EXERCISE GOAL ▸
What you return must match the records word for word, except that images are dropped.

DATA FOR ANALYSIS ▸
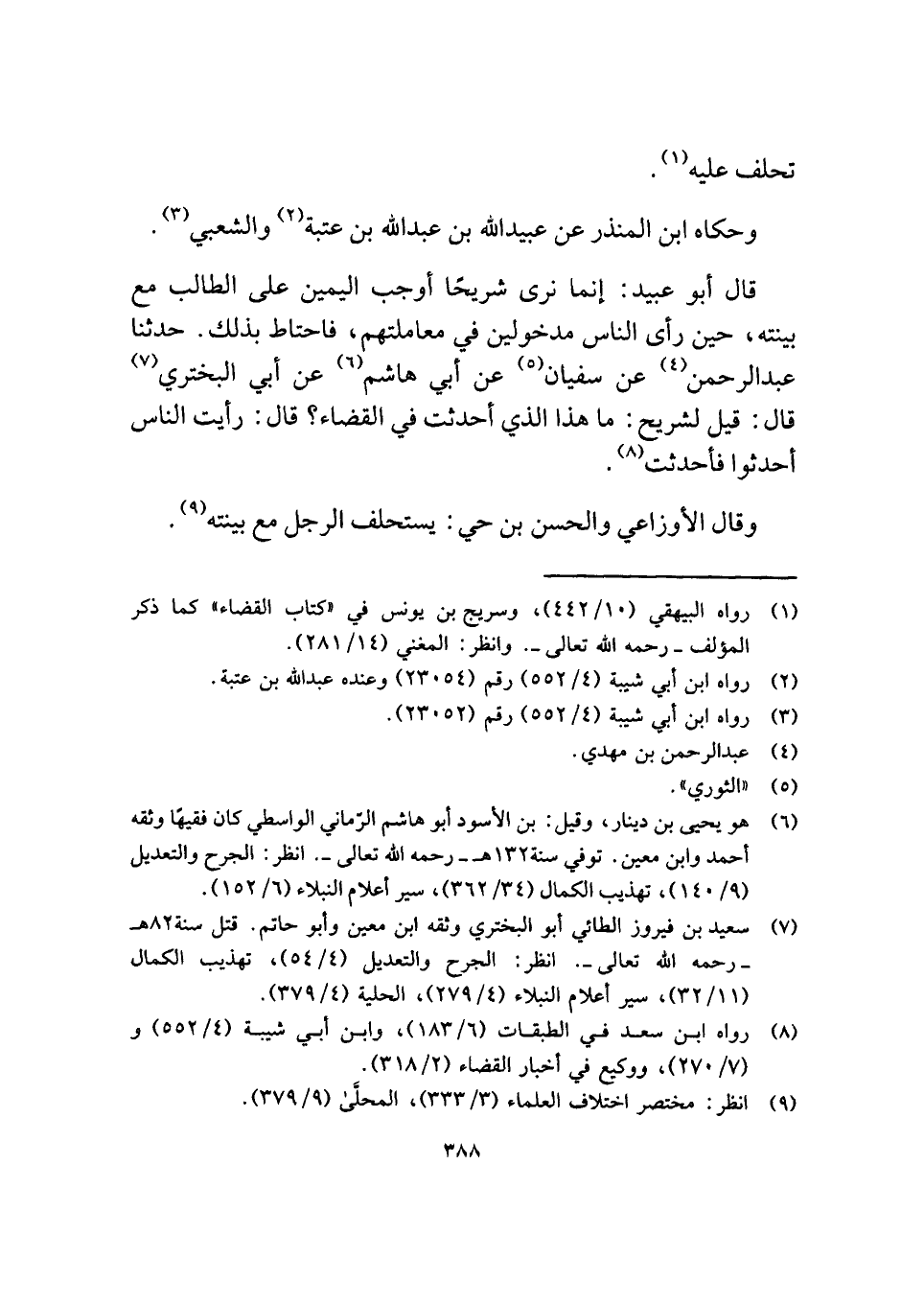قال أبو عبيد: إنما نرى شريحًا أوجب اليمين على الطالب مع بينته، حين رأى الناس مدخولين في معاملتهم، فاحتاط بذلك. حدثنا عبد الرحمن (¬٤) عن سفيان (¬٥) عن أبي هاشم (¬٦) عن أبي البختري (¬٧) قال: قيل لشريح: ما هذا الذي أحدثت في القضاء؟ قال: رأيت الناس أحدثوا فأحدثت (¬٨).
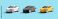 • Set of modern 3d render car models, simplified shapes, big wheels, new generation car, yellow black and white colors
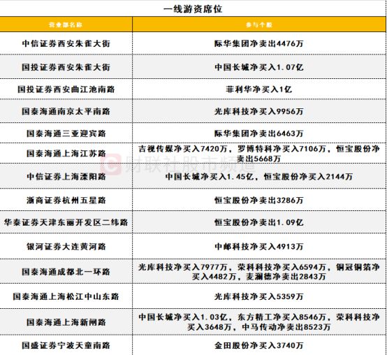 一线游资活跃度一般,中国长城获三家一线亿;恒宝股份遭华泰证券天津东丽开发区二纬路营业部净卖出1.09亿;菲利华遭国投证券西安曲江池南路营业部净卖出1亿。
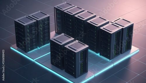 High-Technology Data Center Setup with Multiple Server Racks in a Modern Office Environment Featuring Neon Accents and Illuminated Floor Tiles
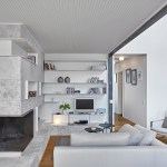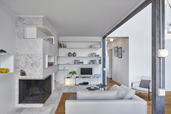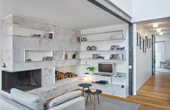 Apart from the spacious, calm seating area with the view of Bosphorus and the old city; a cosier corner for nestling is created with a serene white/grey brushed marble covered wall with white metal skinny shelves, sheltering a cast iron fireplace.

SOLUTION FOR THIS EXERCISE ▸
قال أبو عبيد: إنما نرى شريحًا أوجب اليمين على الطالب مع بينته، حين رأى الناس مدخولين في معاملتهم، فاحتاط بذلك. حدثنا عبد الرحمن (¬٤) عن سفيان (¬٥) عن أبي هاشم (¬٦) عن أبي البختري (¬٧) قال: قيل لشريح: ما هذا الذي أحدثت في القضاء؟ قال: رأيت الناس أحدثوا فأحدثت (¬٨).
 • Set of modern 3d render car models, simplified shapes, big wheels, new generation car, yellow black and white colors
 一线游资活跃度一般,中国长城获三家一线亿;恒宝股份遭华泰证券天津东丽开发区二纬路营业部净卖出1.09亿;菲利华遭国投证券西安曲江池南路营业部净卖出1亿。
 High-Technology Data Center Setup with Multiple Server Racks in a Modern Office Environment Featuring Neon Accents and Illuminated Floor Tiles
 Apart from the spacious, calm seating area with the view of Bosphorus and the old city; a cosier corner for nestling is created with a serene white/grey brushed marble covered wall with white metal skinny shelves, sheltering a cast iron fireplace.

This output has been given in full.